Summary
Fracture acidizing of carbonates has yielded increases in production in many areas of the world, but depending on rock strength and reservoir closure pressure, this response may be lower than expected. Also, as a result of rock strength and closure pressure, production may decline at a higher rate than following a proppant fracture treatment.
Laboratory results are presented describing the effect of various acid systems on the strength reduction of limestone -nd dolomite-formation rock samples. Formation samples were dry or saturated with 2-wt% potassium chloride brine before testing. Samples were exposed to neat, emulsified, gelled, and crosslinked 15-wt% hydrochloric acids (HCls) and each exhibited a differing effect on rock-strength reduction. In addition, production responses are presented and compared with regard to the type of acid system used for stimulation.
On the basis of the results obtained, acid-system choices made a significant difference in the degree of rock softening of carbonates. Emulsified acid caused the least softening effect on limestone and dolomite cores.
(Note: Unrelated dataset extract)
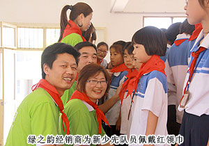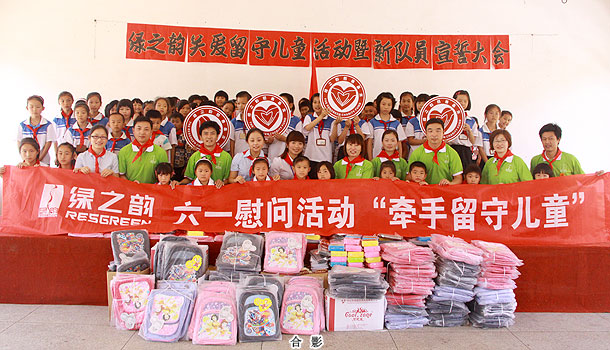 綠之韻集團秉承回饋社會的經(jīng)營理念 ,在發(fā)展中勇于承擔社會責任,從2004年捐助第一所綠之韻老屋希望小學開始就為更多的農(nóng)村孩子提供更多幫助。綠之韻集團一直也關注著留守兒童這一特殊群體,2011年5月30日,在六一國際兒童即將來臨的時候,綠之韻慈善基金總執(zhí)行戴曉彥號召湖南當?shù)氐膬?yōu)秀經(jīng)銷商們?yōu)槔衔菹MW的孩子們送上了六一節(jié)的禮物。綠之韻集團董事常務副總裁勞嘉代表集團領導及員工慰問了綠之韻老屋希望小學的留守兒童,并發(fā)表了講話,鼓勵孩子們要努力學習,從小學會感恩社會、感恩學校和老師,樹立起遠大的理想,爭做祖國的棟梁之才。在慰問活動中,老屋希望小學還策劃了“紅領巾我為你自豪”的少先隊入隊儀式,綠之韻經(jīng)銷商和員工代表一起參加了神圣而光榮的少先隊員入隊儀式,并榮幸的為新隊員佩戴紅領巾,祝愿新老隊員能相互幫助共同進步。綠之韻老屋希望小學的校長也為綠之韻長期以來關注教育關愛青少年兒童的成長表示了真摯的感謝。

Softening effects were greater on limestone than on dolomite rocks. Production responses from emulsified-acid treatments were best.
Introduction
The Khuff is a deep gas carbonate made up of sequences of limestone and dolomite sections. Acid fracturing has been used to increase gas production from this reservoir (Rahim et al. 2002; Bartko et al. 2003).
Since 1999, acid fracturing of the Khuff formation has proved to be successful in obtaining required high gas rate. In the beginning, the acid-fracturing program consisted of pumping a viscous pad (high-temperature-crosslinked borate gel) followed by 28-wt% in-situ-gelled acid and then by an acid stage of regular 28-wt% HCl, pumped below the fracture closure pressure. Typically, the total acid volume ranged from 500 to 2,000 gal/ft. Over the next few years, introduction of emulsified acids (Nasr-El-Din et al. 2001), in-situ-gelled acids (Yeager and Shuchart 1997; Taylor and Nasr-El-Din 2003; Nasr-El-Din et al. 2002a), HCl/formic (Nasr-El-Din et al. 2002b; 2006b), and viscoelastic surfactant-based fluid system (Nasr-El-Din et al. 2006a) has contributed to optimizing the acid-fracturing treatments. In all cases, extensive analyses of flowback samples were conducted to determine the reactive efficiencies of the fluids used.
The most recent work evaluated stimulation of the Khuff in light of pumping rate, acid volume, and acid system and compared these to the lithology (Bartko et al. 2003). Of significance was that increasing treatment pumping rate resulted in wells with better initial production responses. The work showed that the emulsified-acid system outperformed the other acid systems being used on all types of lithology, using a PI/kh basis. In addition, neither the emulsified-acid system nor the in-situ-crosslinked acid system was affected by lithology variances.
The productivity of some of the treated wells declined with time. One of the potential reasons for this decline is softening of reservoir rock following acid-fracturing treatments. The objectives of the present study are to: assess the effect of various acid systems on rock embedment stress (RES), examine the impact of the lithology of rock softening, and compare rock softening and field results obtained with various acid systems.